Agents & the Agent Loop

What separates an agent from a single model call: the observe-reason-act loop with the LLM as controller and tools as its action space. Covers the major reasoning patterns (ReAct, plan-and-execute, reflection), stopping conditions, error handling, and when a dynamic loop beats a fixed chain.

Agent vs. agentic system

It is worth being precise about two words that get used interchangeably. An agent is a single language-model-driven actor that pursues a goal by using tools in a loop, deciding for itself what to do next based on feedback from its environment. An agentic system is the larger software around it — possibly several agents, plus the orchestration code, memory, tools, and guardrails that connect them to the real world.

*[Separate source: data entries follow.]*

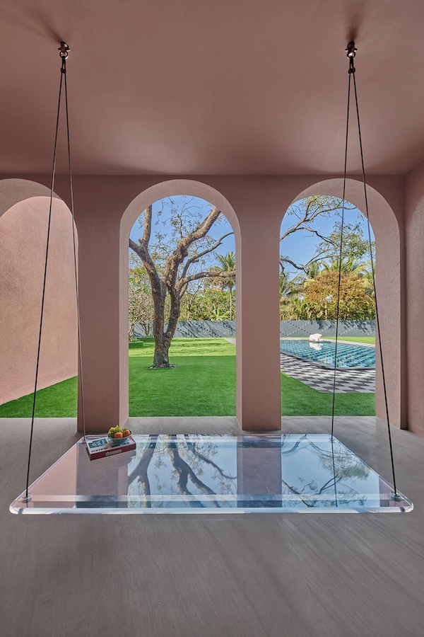 To retain visual coherence, Pinakin Patel uses glass for a swing that looks out onto the lawn. (Image Credits: Ashish Sahi)
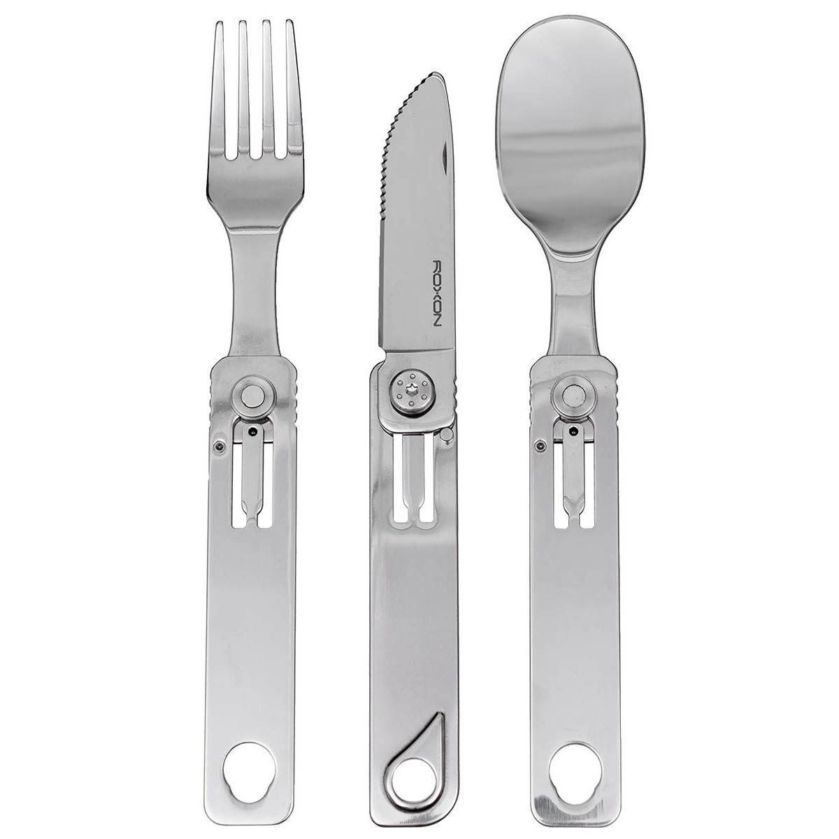 • High quality, foldable, 3-part cutlery set from Roxon® with spoon, fork, knife, and transport bag, lightweight and compact, is an ideal accessory for any outdoor adventure.
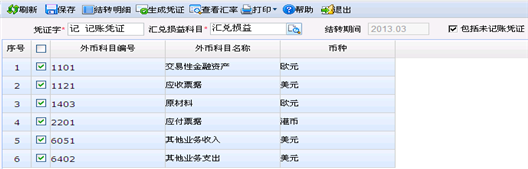 【第一步】点击【功能导航/总账管理/转账/期末调汇】菜单项,进入期末调汇页面,系统自动显示要计算汇兑损益的科目。如下图所示
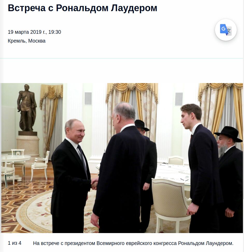 Жид Путин-Шаломов только не подпрыгивает от встречи с президентом Всемирного Жидовского Конгресса Рональдом Лаудером

Anthropic's Building Effective Agents draws a sharper line inside that space. It separates workflows, "systems where LLMs and tools are orchestrated through predefined code paths," from agents, "systems where LLMs dynamically direct their own processes and tool usage, maintaining control over how they accomplish tasks." The difference is who decides the next step: in a workflow the control flow is written by the engineer; in an agent the model chooses it at runtime. That single distinction — fixed code paths vs. a model-driven loop — is the dividing line this whole site is organized around.

The agent loop

The defining structure of an agent is the agent-loop: a cycle of observe → reason → act → observe … that repeats until a stopping condition is met. Anthropic describes the canonical agent as exactly this — an LLM "using tools based on environmental feedback in a loop," gaining "ground truth from the environment at each step (such as tool call results or code execution)."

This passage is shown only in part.